Present-day Siberia may not have a caste system per se, but David Redmon and Ashley Sabin’s Girl Model makes clear the similar stoicism required of a beautiful woman from a poor family. At just thirteen, Nadya is chosen from a lineup of 200 skinny girls to go to Tokyo by herself, under contract to a modeling agency. She arrives knowing neither English or Japanese, and no one is there to pick her up at the airport and take her to the closet-like apartment that she will share with another 13-year old Russian girl (although that girls’ parents have sent her with a credit card, and she quickly eats her way to weight gain and out of her contract.) A lot of people are making money off these girls, but, unbeknownst to the models themselves, they are quickly being burdened by debt. Unable to even figure out the phone system to call her mother, Nadya’s dream quickly turns into a nightmare. Her caretakers are candid in their callousness, from the scout who found her — herself a former model with a tortured relationship to the business – to the girl’s new Japanese agent, who sort of shrugs away any sense of guilt when asked direct questions about his responsibility to the girls. With her family back home relying on the money that she fails to earn, Nadya finally returns home, falling into her parents arms, weeping… and is promptly sent back to Asia.

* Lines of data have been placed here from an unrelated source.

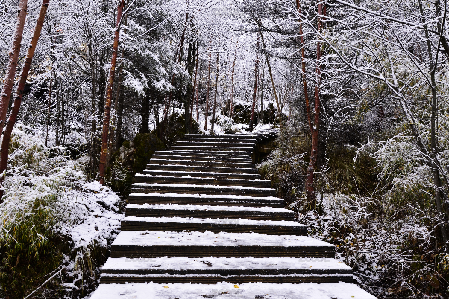 中国大兴安岭林中铺满雪的木台阶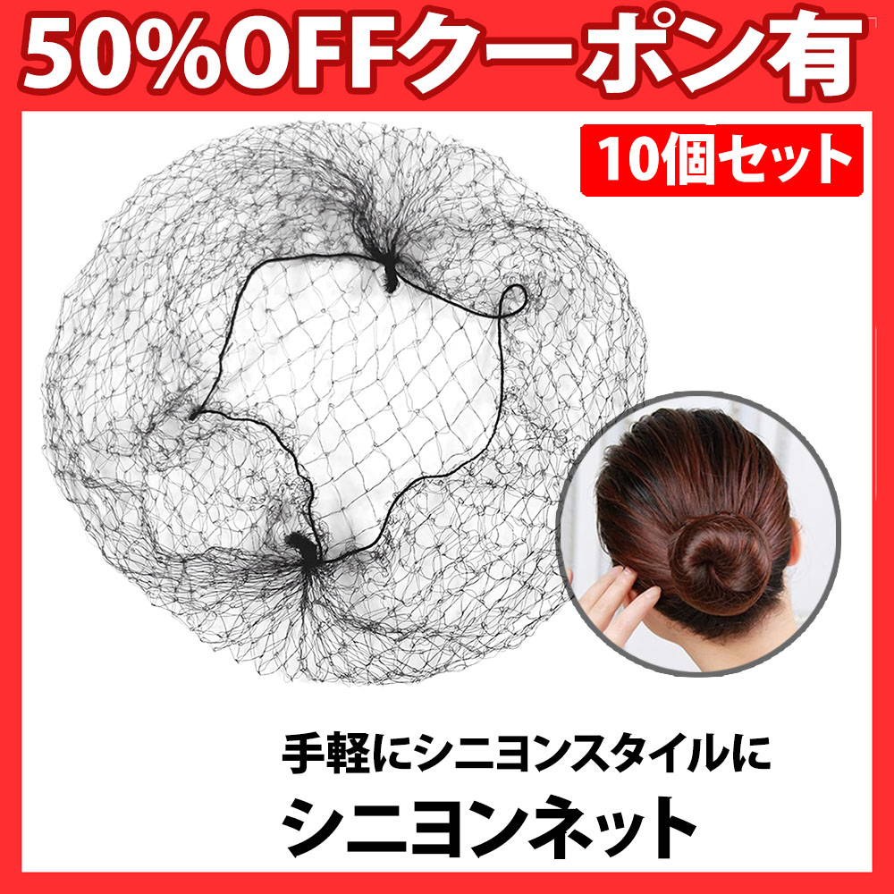 シニヨンネット 10個セット 黒 髪長さ50cm 極細 髪束ね ヘアネット アシアナネット お団子 バレエ CA 看護師 就活 ロングヘア シニヨン 新体操 発表会 子供
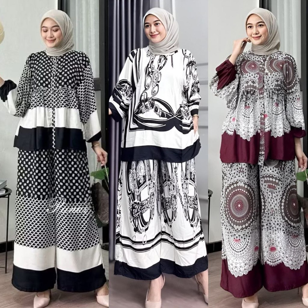 Setelan One Set Rayon Motife Terbaru Viscose SIZE M L XL XXL Wanita kekinian Jumbo Busui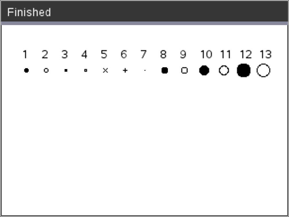 PlotXY x, y, Form x, y: Koordinate zur Plot-Form Form: eine Zahl zwischen 1 und 13, die die Form festlegt 1 – Gefüllter Kreis 2 – Leerer Kreis 3 – Gefülltes Quadrat 4 – Leeres Quadrat 5 – Kreuz 6 – Plus 7 – Dünn 8 – Mittelgroßer Punkt, ausgefüllt 9 – Mittelgroßer Punkt, unausgefüllt 10 – Großer Punkt, ausgefüllt 11 – Großer Punkt, unausgefüllt 12 – Größter Punkt, ausgefüllt 13 – Größter Punkt, unausgefüllt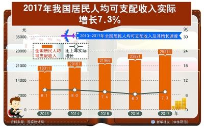 2017年,全國(guó)居民人均可支配收入實(shí)際增長(zhǎng)7.3%,增速比上年加快1個(gè)百分點(diǎn),快于國(guó)內(nèi)生產(chǎn)總值增速0.4個(gè)百分點(diǎn)。國(guó)內(nèi)游客人次比上年增長(zhǎng)12.8%,國(guó)內(nèi)旅游收入增長(zhǎng)15.9%,國(guó)內(nèi)居民因私出境增長(zhǎng)5.7%。
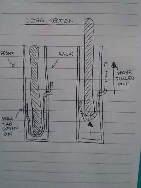 ** Originalmente, yo no cortó una pieza media, como pensó el margen en la parte delantera y detrás me daría suficiente profundidad - este no era el caso. Si le ha dado un margen mayor, puede que no necesite una pieza media. Te recomiendo lo primero corta las piezas delanteras y traseros y pellizcar tu smartphone entre ellos y juzga por ti mismo si usted necesita una capa suplementaria. Las desventajas para una tercera capa son que más capas son más difíciles de pegamento/coser correctamente y que es una costura que puede desarmarse.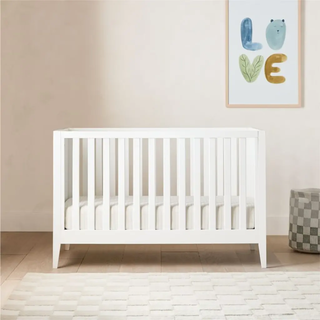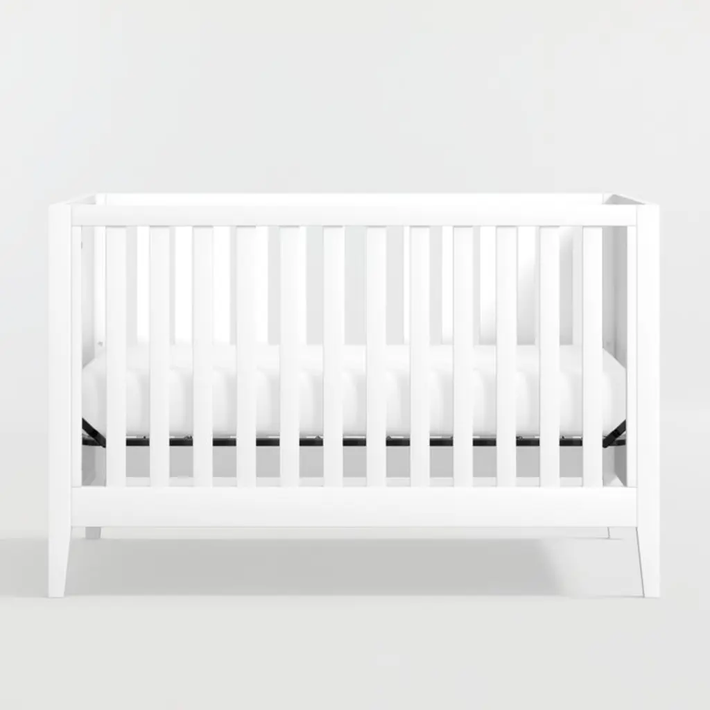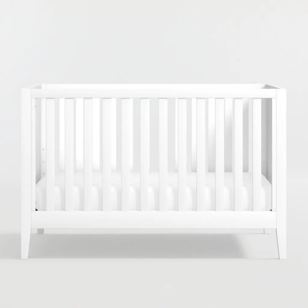 Designed with versatility and value in mind, our Ever Simple white crib is defined by clean lines and effortless style. Its transitional design allows it to work well with decor that's contemporary, classic or eclectic. Plus, it can be accessorized with neutral crib bedding or more colorful designs. With an included rail, it converts to a toddler bed for even more longevity. To put it simply: It makes furnishing a nursery a real no-brainer.

Two films, two stories of women pushed around by men. Mia Hansen-Love’s Goodbye, First Love is another one – girl adrift in an ocean of her own secrets, almost willfully passive to change the course of her life, desperate for a man to come along and tell her what to do. Olivia Coleman’s character in Paddy Constantine’s fantastic Tyrannosaur fights her way out of an abusive relationship, but it’s her long-worn passivity that is her primary character trait when we meet her; Julia Loktev’s The Loneliest Planet hinges on a young, adventurous young woman’s emotional and physical withdrawal from her boyfriend after a traumatic event in the mountains, where her reaction to having done nothing in a crisis is to go even further with her underlying passivity and shut down completely. Even Christophe Honore’s film Beloved, in which Ludivigne Sagnier and Catherine Deneuve play the younger/older versions of a hyper-sexual part-time prostitute mother and Chiara Mastrioianni is the character’s equally promiscuous, love-starved daughter, features its ladies weeping outside the door of a philandering husband and hiding behind corners when the two men they’re sleeping with begin to fight over them.

 

 

The silliest thing I’ve heard someone say about Goodbye, First Love was: “I liked it and everything but the story was really weak — seen it before.” Seen what before… a love story? Me… too…. This one concerns a slightly melodramatic, somewhat needy teenage girl in Paris who is destroyed when her high-school boyfriend leaves to explore South America for a year, and who, over the next decade, despite new relationships and a burgeoning career, just can’t shake her undying devotion to that first guy. When he turns up again, she reverts back to the yearning, sighing, demanding teenager that she still is inside. The point of a film as sensitive and beautiful as Goodbye, First Love is the pleasure of being given a chance to remember and connect with the intangible hopes and shames within ourselves; the film gives us the breathing room to do so – in other words, it’s not the plot, it’s the feelings. I find that sometimes, especially in sales-driven environments like Toronto, people tend to ignore that pleasure. Maybe they don’t like it to begin with.

 

 

Does this barrel of movies about women who can’t seem to fight for themselves mean that there’s a misogynistic tendency running through the films at Toronto? Personally, I think it means the opposite, because plot doesn’t equal meaning. A film isn’t portraying women in a positive light just because she triumphs at the end; every romantic comedy where the single, career-minded girl learns to let loose and love her man properly dispels that notion. By dramatizing their female characters’ anguish, these films are making plain the walls around them that often stay invisible. Their stories might be frustrating to watch, but think about how frustrating they must be to live.